**STUDY MATERIAL:**
____

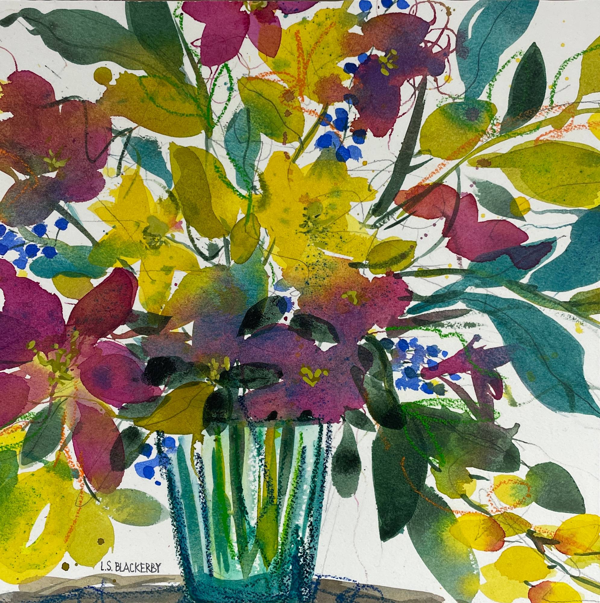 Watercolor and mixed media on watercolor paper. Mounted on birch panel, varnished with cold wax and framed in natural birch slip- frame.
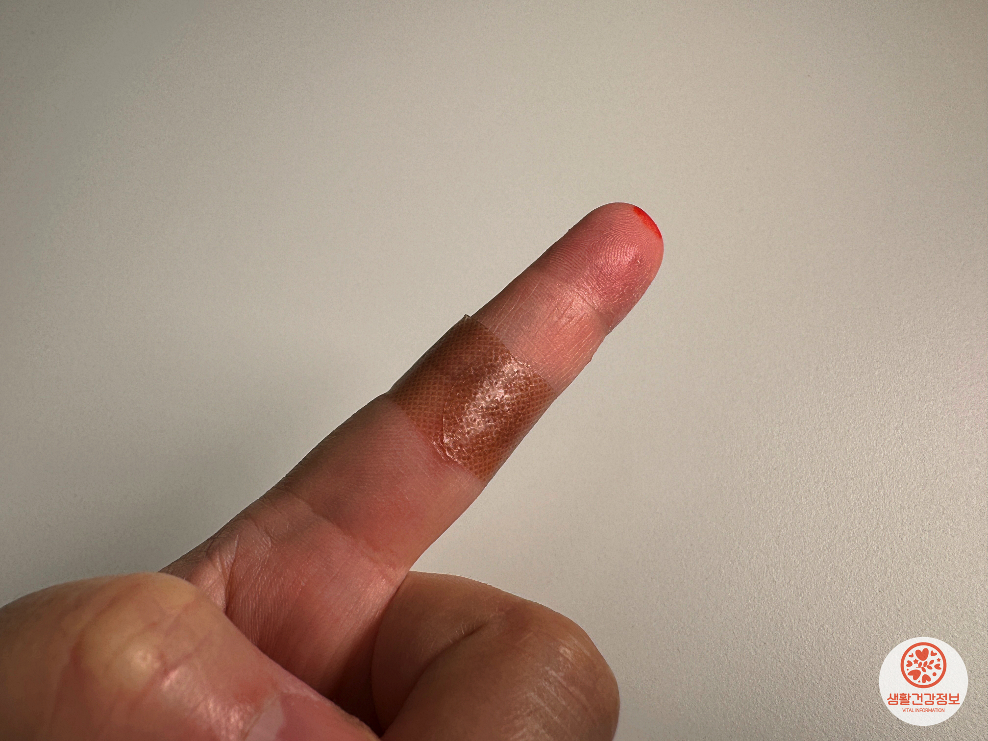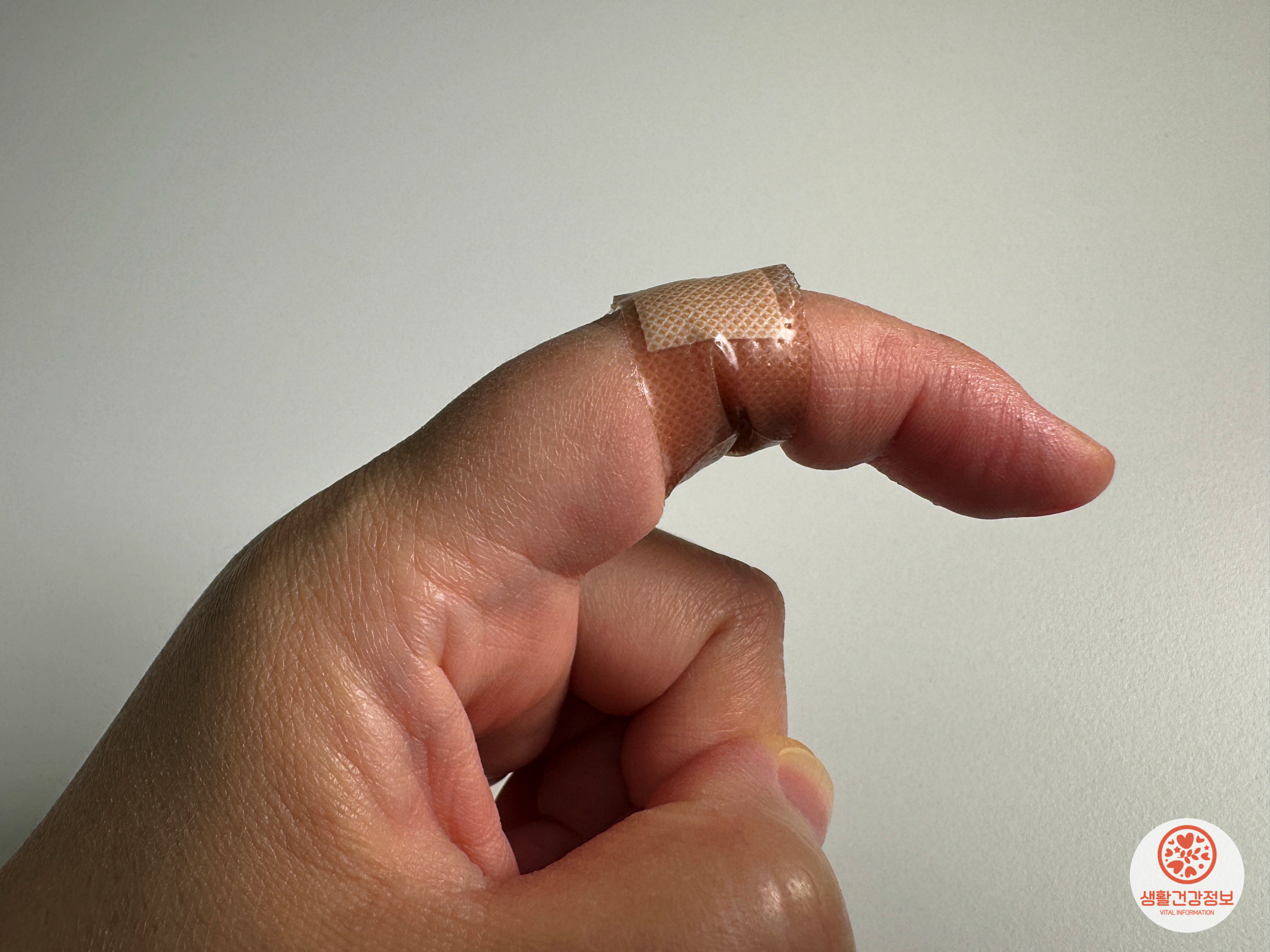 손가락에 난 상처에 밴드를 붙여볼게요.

____

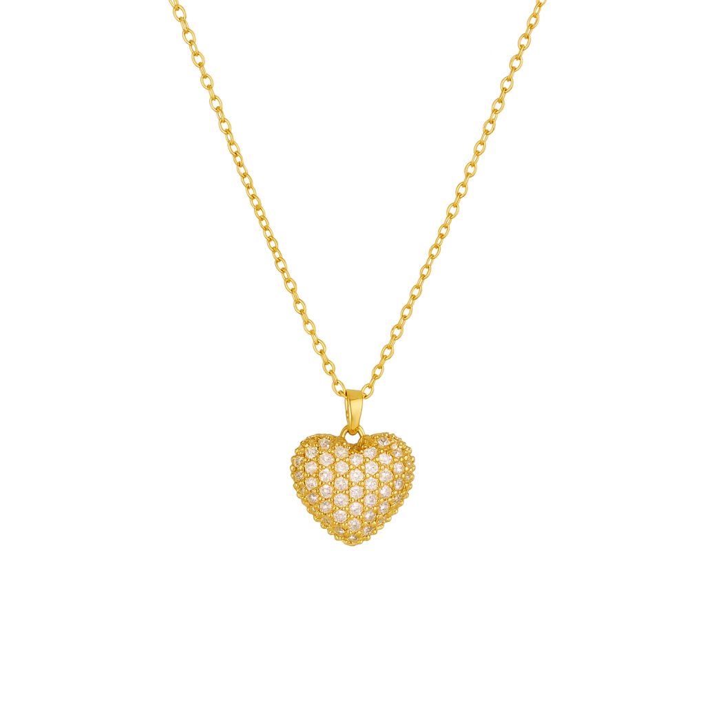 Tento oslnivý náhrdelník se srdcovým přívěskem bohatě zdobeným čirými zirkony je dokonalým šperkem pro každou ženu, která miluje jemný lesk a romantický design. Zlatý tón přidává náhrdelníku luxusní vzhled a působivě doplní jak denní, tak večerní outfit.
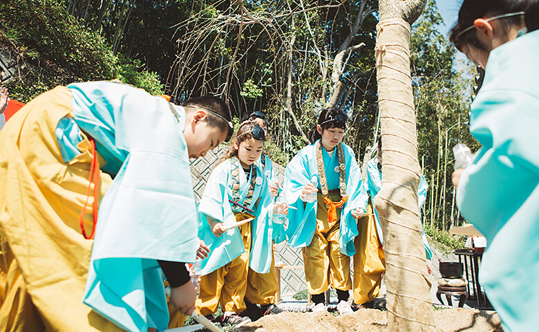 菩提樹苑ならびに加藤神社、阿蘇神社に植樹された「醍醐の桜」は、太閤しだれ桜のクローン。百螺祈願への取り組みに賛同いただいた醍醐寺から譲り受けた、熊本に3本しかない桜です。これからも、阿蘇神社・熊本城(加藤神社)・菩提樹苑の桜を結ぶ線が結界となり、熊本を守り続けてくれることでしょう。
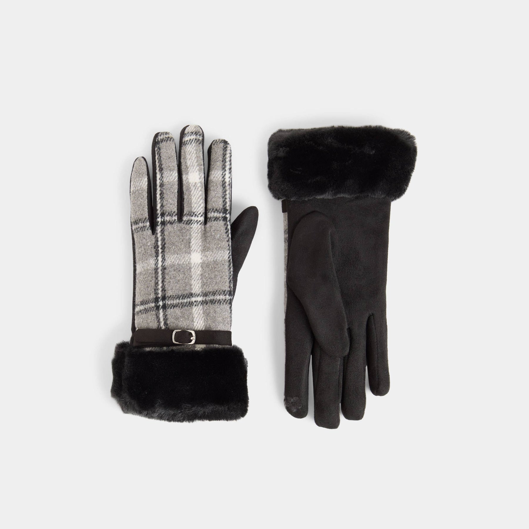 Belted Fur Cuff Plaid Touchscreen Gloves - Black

____

**WHAT YOU SHOULD DO:** The stretch above running from the line with "Tento oslnivý náhrdelník" through the line with "Belted Fur Cuff" is all you should copy, exactly, leaving out the pictures.

**ANSWER AREA:**
 Tento oslnivý náhrdelník se srdcovým přívěskem bohatě zdobeným čirými zirkony je dokonalým šperkem pro každou ženu, která miluje jemný lesk a romantický design. Zlatý tón přidává náhrdelníku luxusní vzhled a působivě doplní jak denní, tak večerní outfit.
 菩提樹苑ならびに加藤神社、阿蘇神社に植樹された「醍醐の桜」は、太閤しだれ桜のクローン。百螺祈願への取り組みに賛同いただいた醍醐寺から譲り受けた、熊本に3本しかない桜です。これからも、阿蘇神社・熊本城(加藤神社)・菩提樹苑の桜を結ぶ線が結界となり、熊本を守り続けてくれることでしょう。
 Belted Fur Cuff Plaid Touchscreen Gloves - Black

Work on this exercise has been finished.